Wednesday, January 22, 2025

US offshore driller requests judge block insurers' demand for $250 million collateral

December 12, 2024

W&T Offshore is an independent driller in the U.S. Gulf of Mexico. It has asked a federal court to block the insurance companies' demand for $250 million additional collateral in exchange for tearing down old oil infrastructure.

Offshore drilling companies are under increasing pressure to issue bonds for the decommissioning of oil and gas infrastructure within federal waters. In June, the Federal Bureau of Ocean Energy Management enforced its final rule amending financial assurance regulations to ensure that the industry pays for decommissioning and not taxpayers.
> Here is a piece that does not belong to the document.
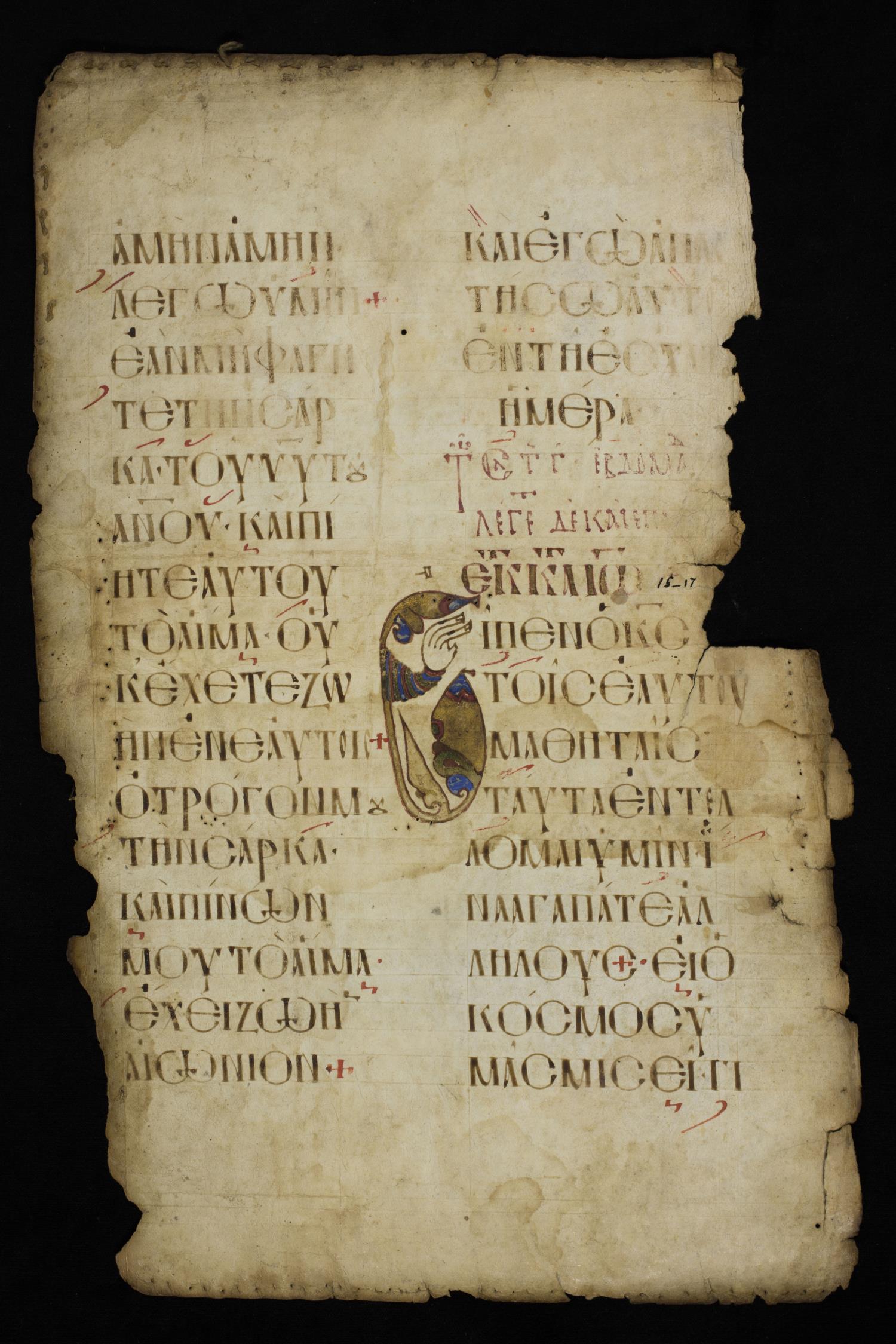 Eleventh century majuscule lectionary of the Gospels on parchment; 2 leaves, 2 columns, 16 lines per column.

In an interview, W&T Offshore's CEO Tracy Krohn said: "You are at the mercy both of the federal agency as well as the surety companies. There is not much control."

"The regulatory agency does not have a real basis to require a lot more bonding that what they currently do," Krohn said.

BOEM estimates that offshore drillers will collectively pay under $7 billion in new financial assurances as a result the final rule. These are to cover potential costs for decommissioning.

According to the U.S. Government Accountability Office, by June 2023 more than 2,700 oil wells and 500 platform were due for decommissioning.

W&T Offshore filed a lawsuit on Wednesday at the U.S. District Court of the Southern District of Texas asking Judge Keith Ellison for a declaration that the insurers colluded with each other to harm the company, by demanding more collateral and higher premiums.

The company says that insurers have used BOEM's latest rule to request additional collateral as surety for which it has already paid premiums.

W&T Offshore, based in Houston, did not provide an immediate comment.

Endurance Assurance Corp. and Lexon Insurance Co., the two companies named in the lawsuit, did not respond immediately to requests for comments.

The opponents said that the final rule of BOEM would adversely affect smaller firms who lack sufficient oil reserves or investment grade ratings. Oil majors have larger reserves or meet the credit criteria that exempts them from having to put up additional money to cover future decommissioning.

Texas, Louisiana, and Mississippi filed a lawsuit against the government days before the BOEM final rule came into effect in an attempt to stop it.

According to last government statistics, the U.S. Gulf of Mexico produced roughly 1,74 million barrels of oil per day, or about 13% of U.S. total output.